**What to work on:** Please give back, exactly as written, the lines from the line with "为引导党员筑牢理想信念之魂,不忘初心、牢" to the line with "Pant realized in" in the listing below, leaving out all pictures.

**Data for the task:**
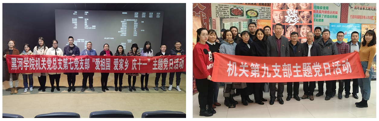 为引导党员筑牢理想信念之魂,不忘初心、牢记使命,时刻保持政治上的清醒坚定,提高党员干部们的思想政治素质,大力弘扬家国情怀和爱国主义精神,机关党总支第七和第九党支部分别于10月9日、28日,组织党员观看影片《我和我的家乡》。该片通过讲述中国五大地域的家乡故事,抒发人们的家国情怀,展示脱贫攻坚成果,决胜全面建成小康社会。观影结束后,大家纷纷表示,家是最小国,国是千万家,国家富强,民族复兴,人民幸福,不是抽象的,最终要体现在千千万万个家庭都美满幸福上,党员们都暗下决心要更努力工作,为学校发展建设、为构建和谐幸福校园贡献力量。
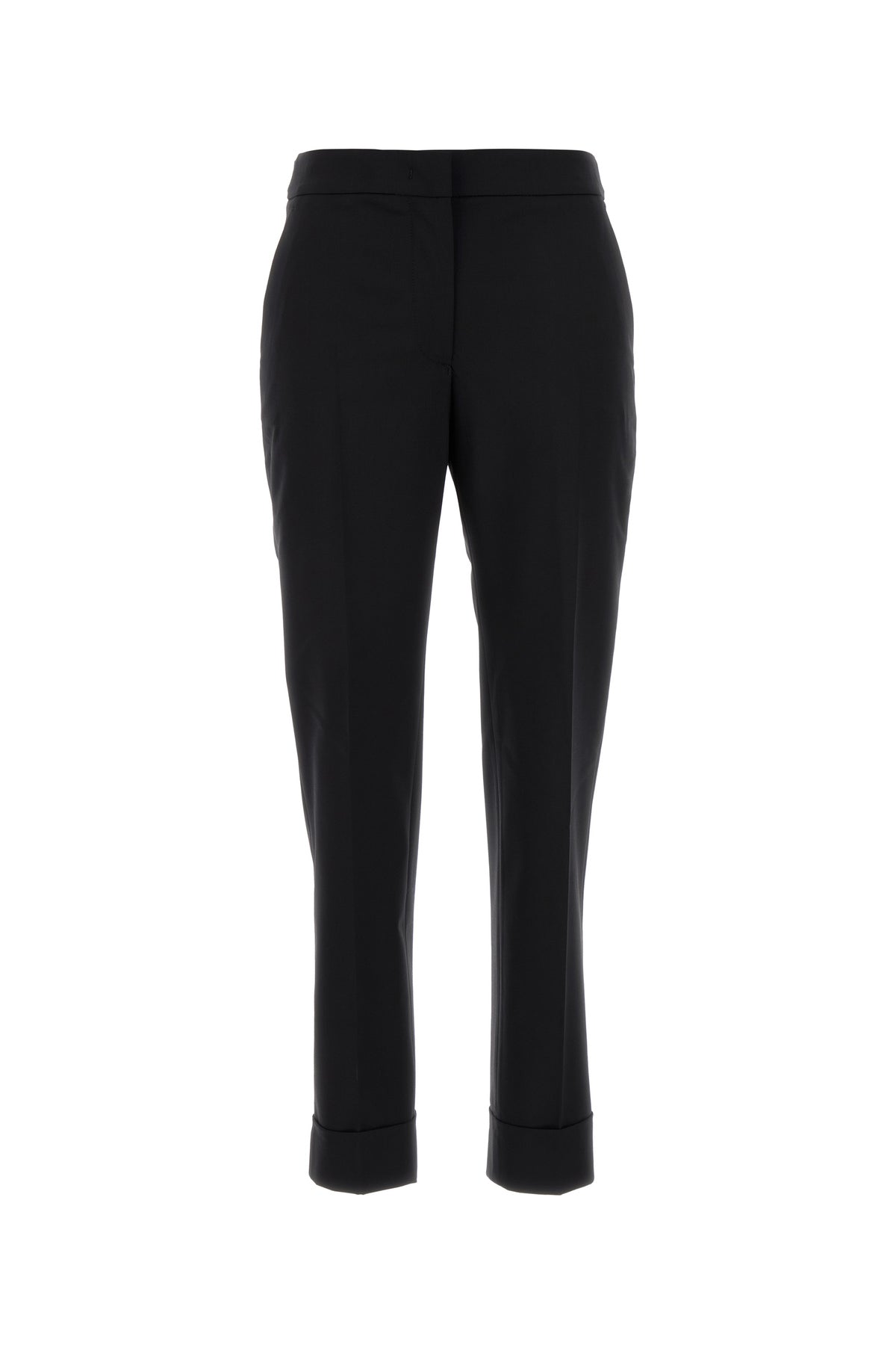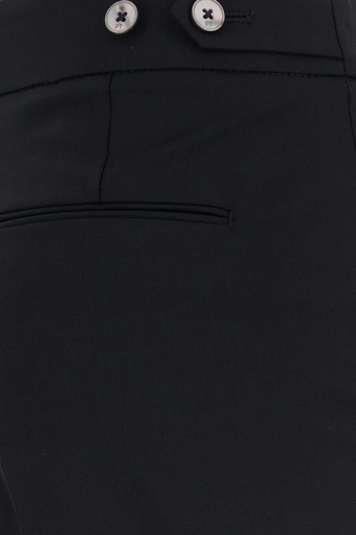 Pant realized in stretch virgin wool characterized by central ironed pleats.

...

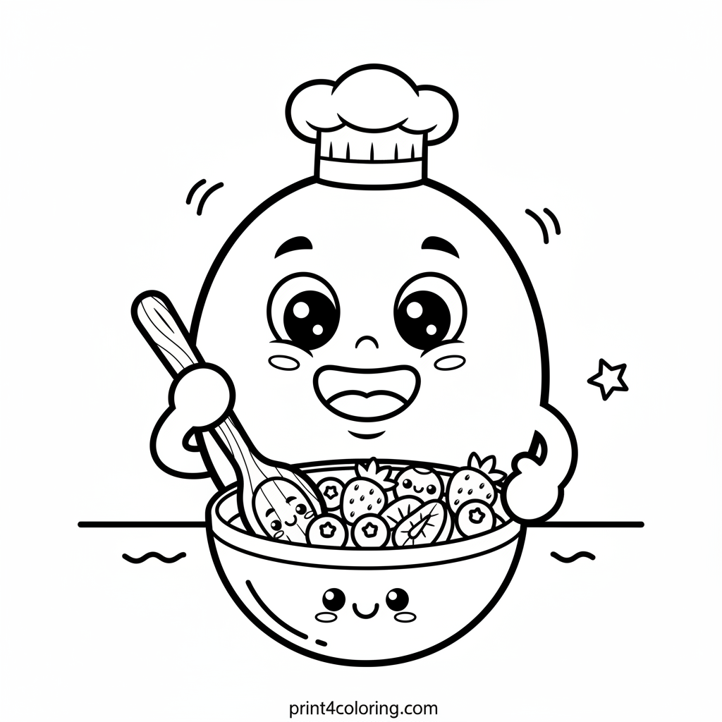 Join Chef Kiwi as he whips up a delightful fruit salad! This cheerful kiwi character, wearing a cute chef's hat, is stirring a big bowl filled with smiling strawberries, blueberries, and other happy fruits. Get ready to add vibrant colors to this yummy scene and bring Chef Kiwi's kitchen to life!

...

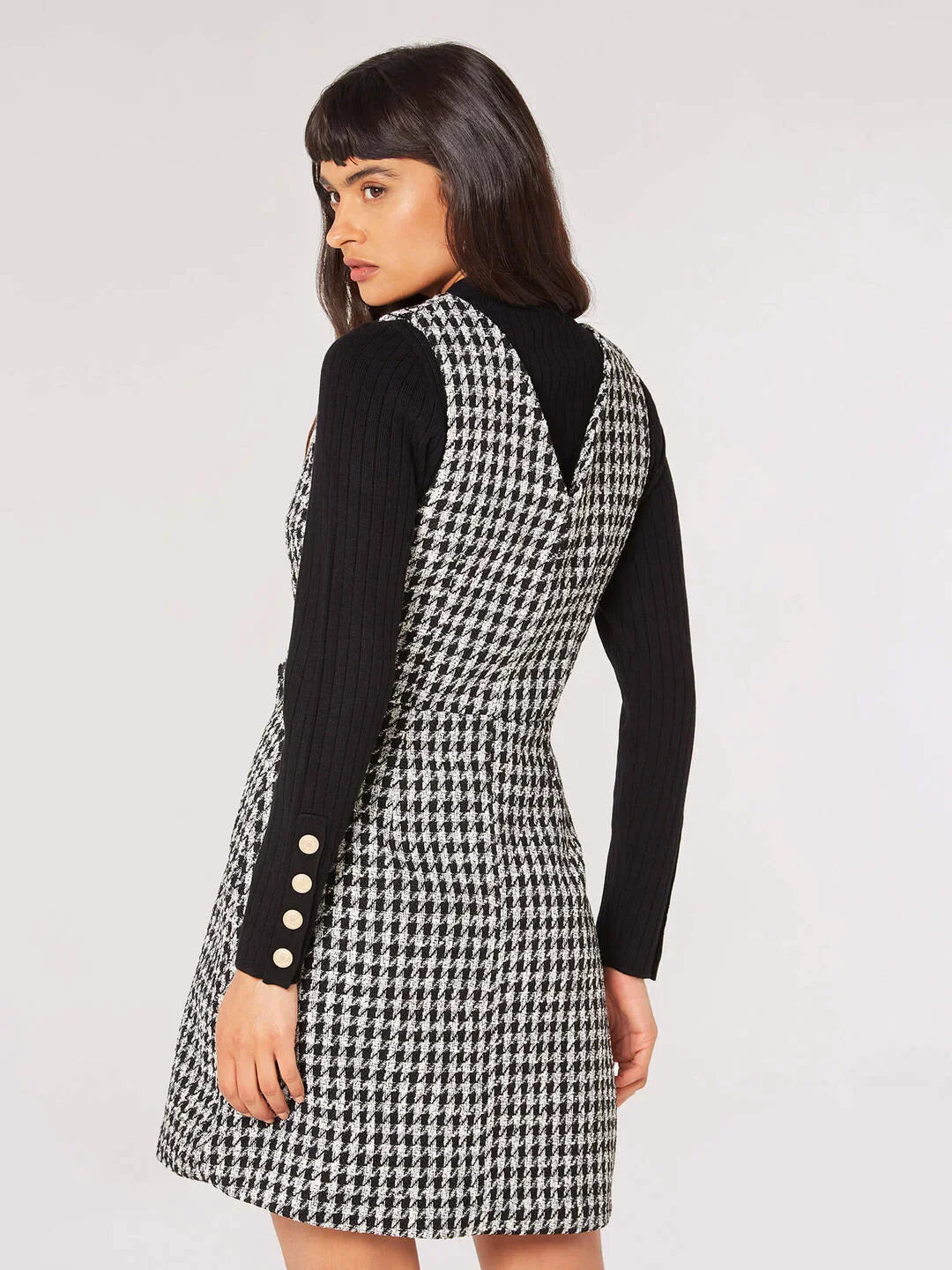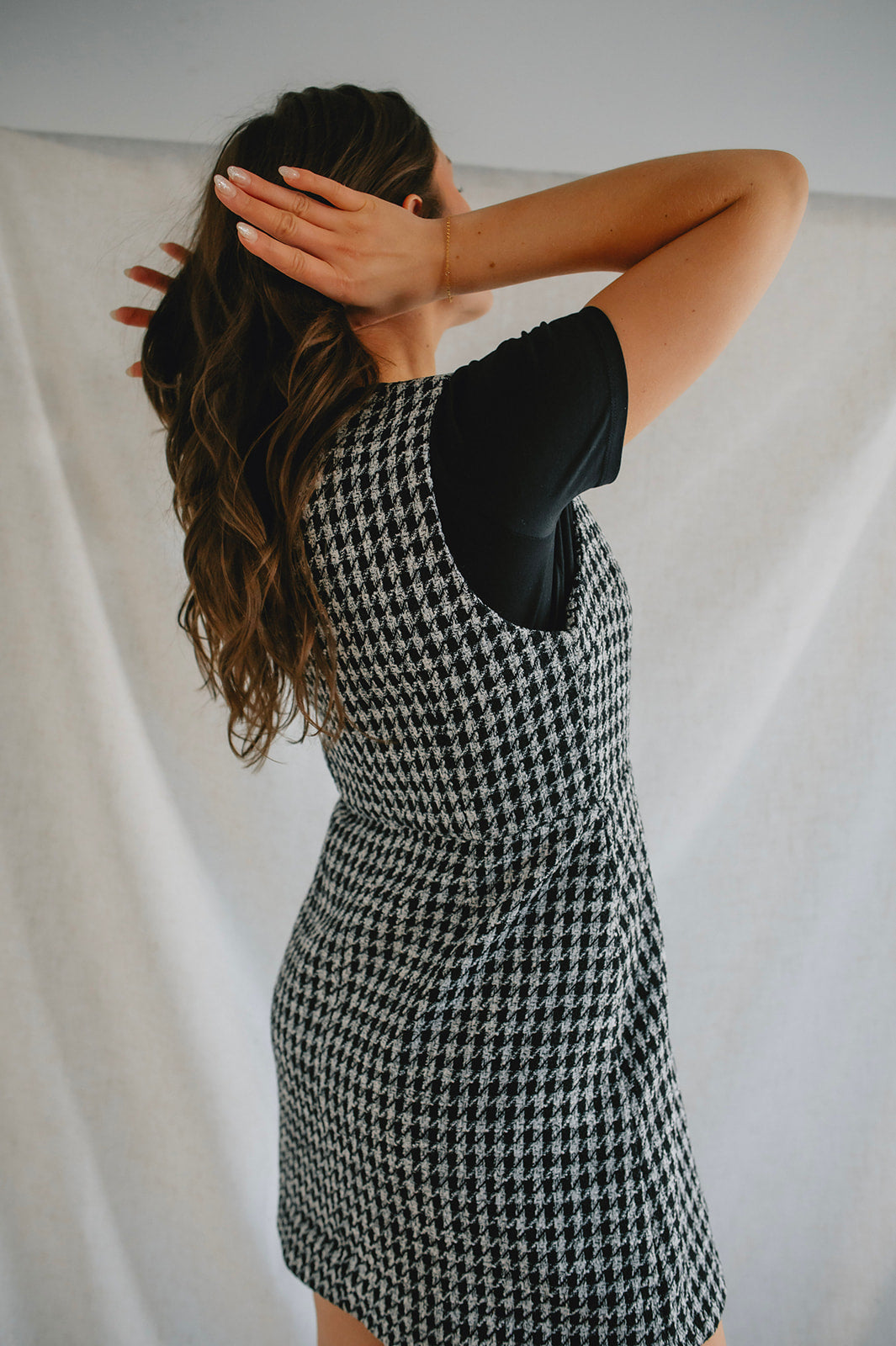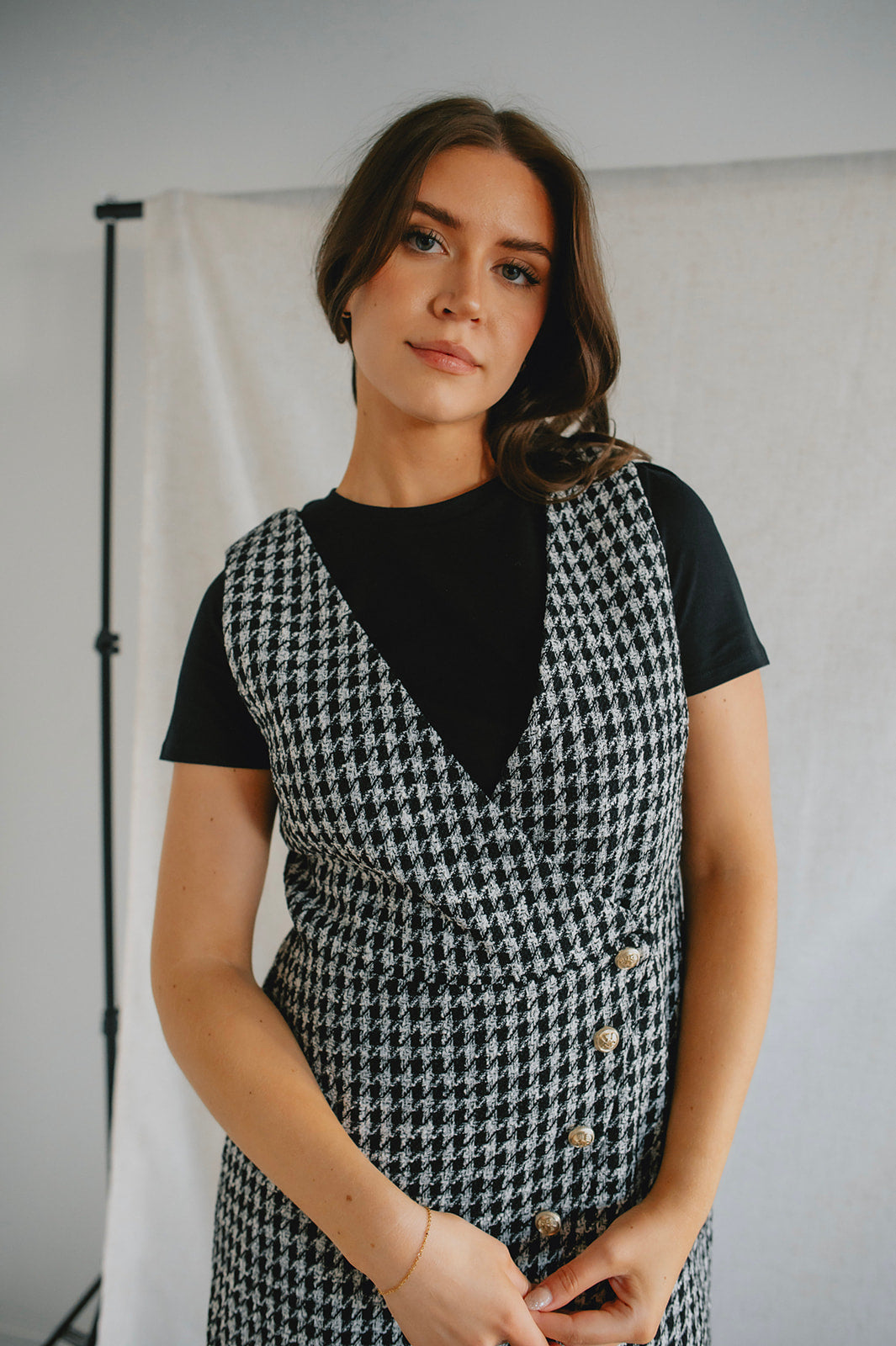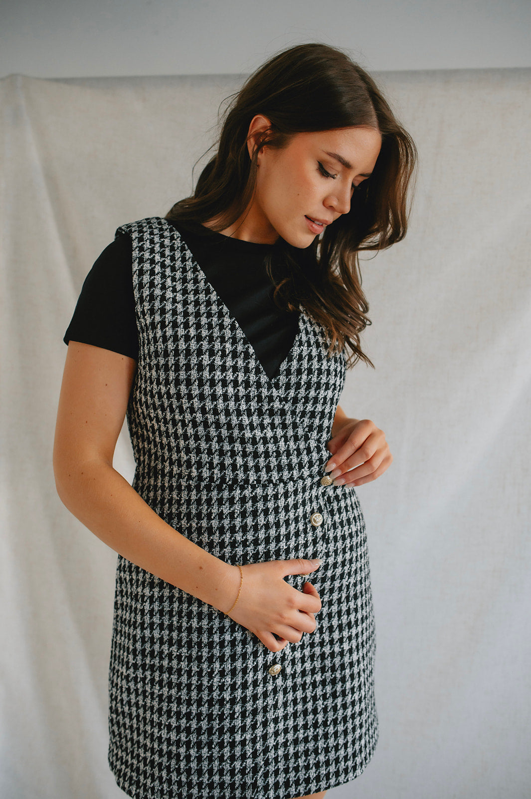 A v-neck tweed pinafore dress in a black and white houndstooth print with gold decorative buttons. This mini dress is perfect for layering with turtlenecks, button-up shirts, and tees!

**Answer area:**
 为引导党员筑牢理想信念之魂,不忘初心、牢记使命,时刻保持政治上的清醒坚定,提高党员干部们的思想政治素质,大力弘扬家国情怀和爱国主义精神,机关党总支第七和第九党支部分别于10月9日、28日,组织党员观看影片《我和我的家乡》。该片通过讲述中国五大地域的家乡故事,抒发人们的家国情怀,展示脱贫攻坚成果,决胜全面建成小康社会。观影结束后,大家纷纷表示,家是最小国,国是千万家,国家富强,民族复兴,人民幸福,不是抽象的,最终要体现在千千万万个家庭都美满幸福上,党员们都暗下决心要更努力工作,为学校发展建设、为构建和谐幸福校园贡献力量。
 Pant realized in stretch virgin wool characterized by central ironed pleats.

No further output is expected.